● **WHAT IS NEEDED**: Below are records with pictures; copy word for word only the lines between the line with "本书既研究了军队发展性院校评" and the line with "Jeté de lit", inclusive, and drop the pictures.

● **TASK INPUTS**:
*** Block opens ***
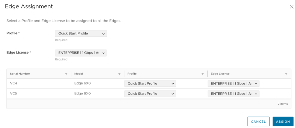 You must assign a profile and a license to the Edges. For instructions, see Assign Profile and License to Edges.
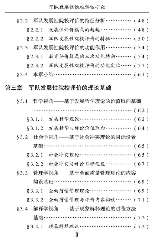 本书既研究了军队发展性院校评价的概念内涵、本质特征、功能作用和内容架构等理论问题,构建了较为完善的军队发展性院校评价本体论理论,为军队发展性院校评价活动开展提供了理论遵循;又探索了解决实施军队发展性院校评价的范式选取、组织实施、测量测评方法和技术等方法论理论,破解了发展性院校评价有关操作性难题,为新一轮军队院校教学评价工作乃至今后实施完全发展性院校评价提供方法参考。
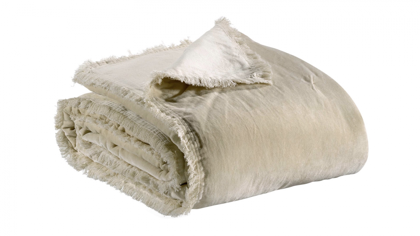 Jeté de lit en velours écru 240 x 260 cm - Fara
*** Block closes ***
*** Block opens ***
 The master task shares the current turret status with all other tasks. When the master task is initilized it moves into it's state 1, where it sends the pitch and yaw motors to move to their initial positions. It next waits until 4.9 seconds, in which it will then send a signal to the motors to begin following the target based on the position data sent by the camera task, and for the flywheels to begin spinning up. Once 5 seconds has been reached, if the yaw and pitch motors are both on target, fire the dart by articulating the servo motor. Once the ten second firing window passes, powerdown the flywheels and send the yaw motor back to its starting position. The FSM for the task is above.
*** Block closes ***
● **RESULT OF THE TASK**:
 本书既研究了军队发展性院校评价的概念内涵、本质特征、功能作用和内容架构等理论问题,构建了较为完善的军队发展性院校评价本体论理论,为军队发展性院校评价活动开展提供了理论遵循;又探索了解决实施军队发展性院校评价的范式选取、组织实施、测量测评方法和技术等方法论理论,破解了发展性院校评价有关操作性难题,为新一轮军队院校教学评价工作乃至今后实施完全发展性院校评价提供方法参考。
 Jeté de lit en velours écru 240 x 260 cm - Fara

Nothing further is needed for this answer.